Cosbrella Clause

The NYT reports that Bill Cosby is funding his litigation expenses in a creative manner:

In defending himself against lawsuits from women who say he sexually assaulted and then defamed them, Bill Cosby is facing mountainous legal expenses.

Luckily for him, he has homeowners’ insurance.

That is the surprising tool Mr. Cosby is using to pay his legal fees as he battles defamation claims filed by 10 women in three states.

Mr. Cosby’s insurer, American International Group, better known as A.I.G., has gone to court to deny him coverage, arguing, among other things, that it should not have to cover claims that arose from alleged acts of sexual misconduct.

Cosby is not alone. Bill Clinton and OJ Simpson also defrayed legal expenses through their homeowners insurance. How does one get such stellar coverage? Back to the NYT:

The typical homeowner’s policy covers bodily injury, the sort of claim that arises when the mail carrier slips on your broken front stoop. But many wealthy Americans, with assets to protect, often pay for enhanced “personal injury” clauses or umbrella policies that provide coverage in a range of other circumstances, including lawsuits that accuse the policy holder of defamation. Two decades ago, the insurance industry estimated that seven million people in the United States held such umbrella policies, although the Insurance Information Institute said it does not have current estimates.

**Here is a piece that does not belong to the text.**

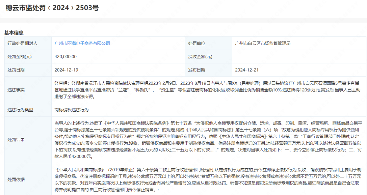 企查查数据库的行政处罚决定书《穗云市监处罚﹝2024﹞2503号》显示,广州市丽海电子商务有限公司(以下简称“广州丽海”)在快手直播平台销售假冒注册商标的化妆品,违法所得高达120余万元。

Umbrella clauses are common in a number of legal instruments. While contracts typically specify some obligations rather precisely (“Smith will deliver X amount of corn to Jones on X date”), drafters often include some vague terms that can be stretched to cover unanticipated events.

Umbrella provisions allow judges and other adjudicators to fill in gaps in the contractual canvas, and to take account formal commitments between the parties that showed up in other legal instruments.

The problem becomes when the gaps swallow the canvas. Legal scholar Raul Pereira de Souza Fleury recently examined the umbrella clause under investment treaties, and found that investment arbitrators had ruled all over the map:

For the tribunals in Joy Mining v Egypt and CMS v Argentina, the key factor that would decide whether the contract breach should be equated to a treaty breach was the nature and magnitude of the State’s interference with the contract.

On the other hand, tribunals dealing with identical umbrella clauses in similar cases reached the opposite conclusion, giving full effect to the umbrella clause. In SGS v Philippines… the tribunal held that Philippines’ obligation to pay the sums owed to SGS, arising out of a service contract, fell within the scope of the BIT’s umbrella clause. According to the tribunal, the umbrella clause ‘provide[s] assurances to foreign investors with regard to the performance of obligations assumed by the host State under its own law with regard to specific investments’….

However, the broadest and more literal applications of the umbrella clause were made in Eureko v Poland… In Eureko the tribunal … held that:”[T]he plain meaning – the “ordinary” meaning – of a provision prescribing that a State “shall observe any obligations it may have entered into” with regard to certain foreign investments is not obscure. The phrase “shall observe” is imperative and categorical. “Any” obligations is capacious; it means not only obligations of a certain type, but “any” – that is to say, all obligations entered into with regards to investments of investors of the other Contracting Party.”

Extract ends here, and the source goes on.